I would like to start a discussion concerning deployment of a ITK pipeline in production.
How do you deploy your ITK pipeline to scale, parallelize, automatize jobs/tasks?
I am doing segmentation using a pipeline composed of filters based on ITK, home made numpy filters, skimage and opencv. I started to use prefect.io for execution, monitoring and scheduling of jobs. And I would like to know which data flow engine do you use for monitoring/scheduling and automation? @matt.mccormick
ITK will not be a limiting factor when you choose your pipeline framework, but cause ITK can be used in a wide variety of environments.
You can narrow down the choice by looking at tools that are developed specifically for your application area. For example, for implementing medical image computing pipelines, you could have a look at the Joint Imaging Platform or the ecosystem building up around MONAI and Clara.

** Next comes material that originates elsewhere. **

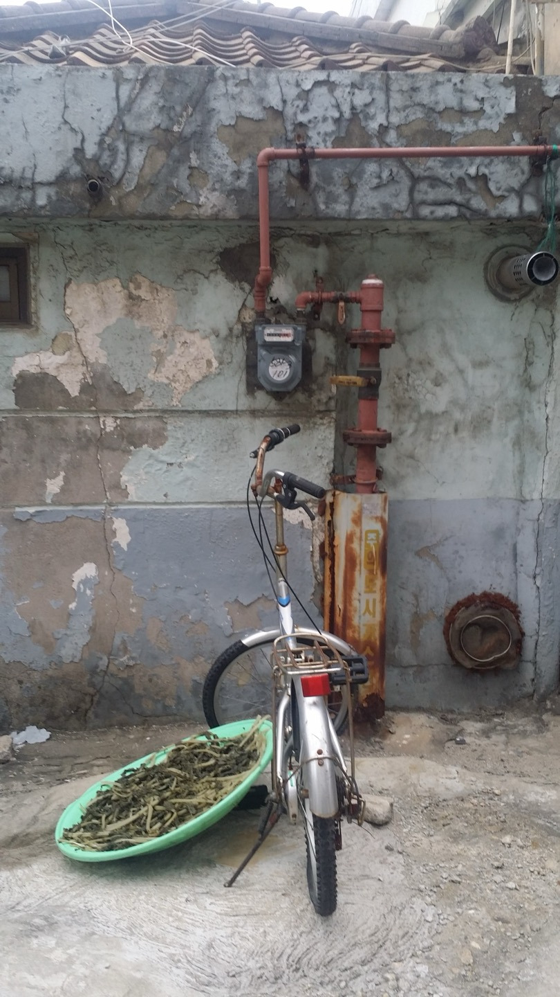 쇳덩어리 가스관에 기댄 낡은 자전거, 그 자전거에 기댄 나물 말리는 플라스틱 소쿠리.

@Stephan_Hahn1 I have used Dask, for scaling, and cloud tools like Coiled. It looks like Coiled also has Prefect support. I have not used Prefect, but heard good things. What has been your experiences with Prefect for imaging tasks?

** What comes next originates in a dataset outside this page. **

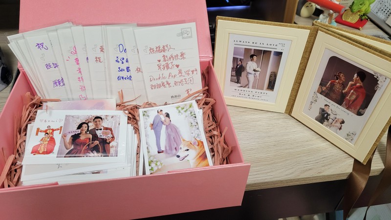 2. 可當作謝卡給賓客(謝卡還只有那幾張照片重複印一疊一疊的,拍拍印可以每張都不一樣的照片!)

@lassoan Thanks for the sharing. I did not know JIP. Are you a member of the JIP? For MONAI and Clara, I have play a little bit with them in the past. I think it is mostly for ML and it is clearly my second step: use machine learning to reproduce segmentation results from an itk pipeline.
@matt.mccormick Prefect is very easy to start. I just tested one pipeline as a task. I don’t know for example if it interface well with chunked dask array. And don’t know if there is an interest to execute each itk filter as a prefect task. But for small itk pipeline that can be used as a Lambda AWS function, prefect can be useful to orchestrate and scale the runs.
Once I have done more tests, I will update the discussion.
I haven’t used JIP, just know the group at DKFZ who develops it.
Machine learning is the main focus of interest everywhere nowadays that’s where all the funding are directed to. You can leverage all these and run “classic” processing on infrastructure that is advertised for “AI” (machine learning systems usually include some classing pre/postprocessing steps anyway).